WHAT YOU SHOULD DO -
The answer should hold every line of the listing, unchanged and free of images.

DATA SEGMENT -
━━━━━━━━
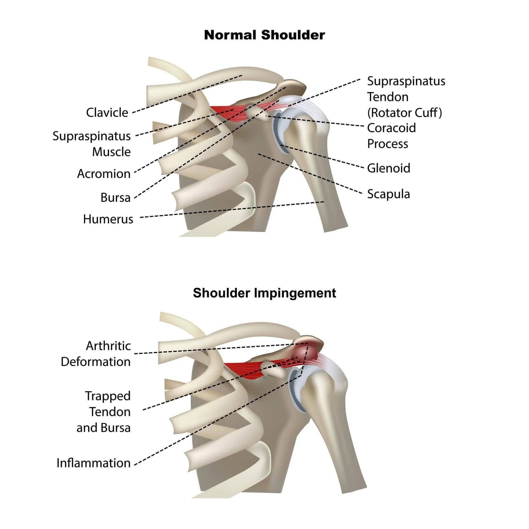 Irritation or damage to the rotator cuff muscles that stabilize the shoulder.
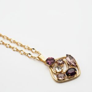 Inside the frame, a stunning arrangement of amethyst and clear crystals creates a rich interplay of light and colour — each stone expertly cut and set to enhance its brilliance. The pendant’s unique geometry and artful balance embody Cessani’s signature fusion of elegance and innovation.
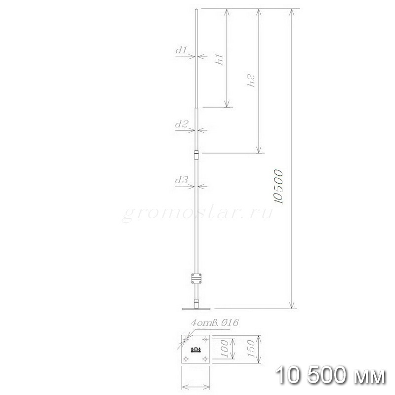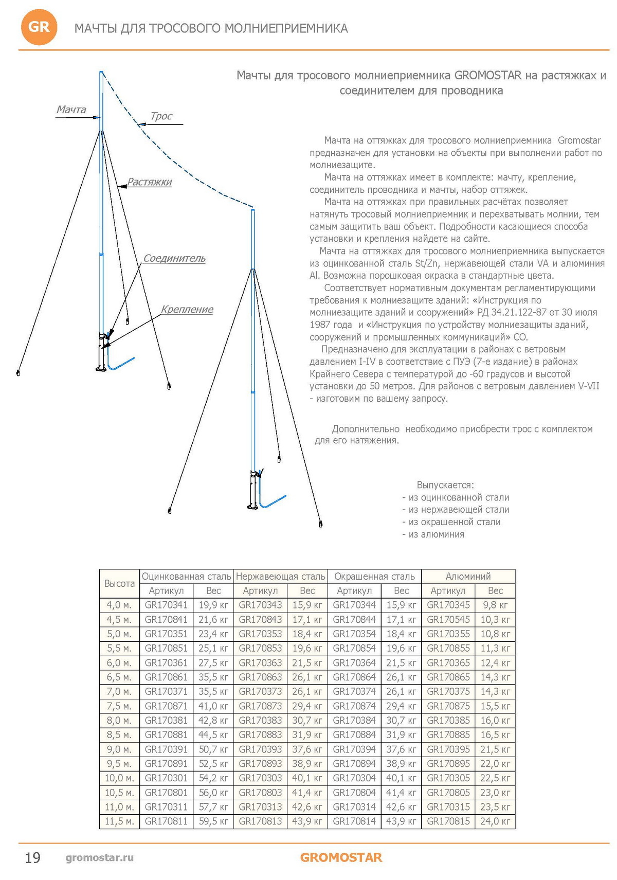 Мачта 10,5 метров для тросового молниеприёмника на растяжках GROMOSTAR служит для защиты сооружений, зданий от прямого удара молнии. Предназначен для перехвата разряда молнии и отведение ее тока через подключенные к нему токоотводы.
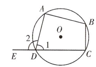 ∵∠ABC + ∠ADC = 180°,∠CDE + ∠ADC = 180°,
━━━━━━━━
EXPECTED OUTPUT -
 Irritation or damage to the rotator cuff muscles that stabilize the shoulder.
 Inside the frame, a stunning arrangement of amethyst and clear crystals creates a rich interplay of light and colour — each stone expertly cut and set to enhance its brilliance. The pendant’s unique geometry and artful balance embody Cessani’s signature fusion of elegance and innovation.
 Мачта 10,5 метров для тросового молниеприёмника на растяжках GROMOSTAR служит для защиты сооружений, зданий от прямого удара молнии. Предназначен для перехвата разряда молнии и отведение ее тока через подключенные к нему токоотводы.
 ∵∠ABC + ∠ADC = 180°,∠CDE + ∠ADC = 180°,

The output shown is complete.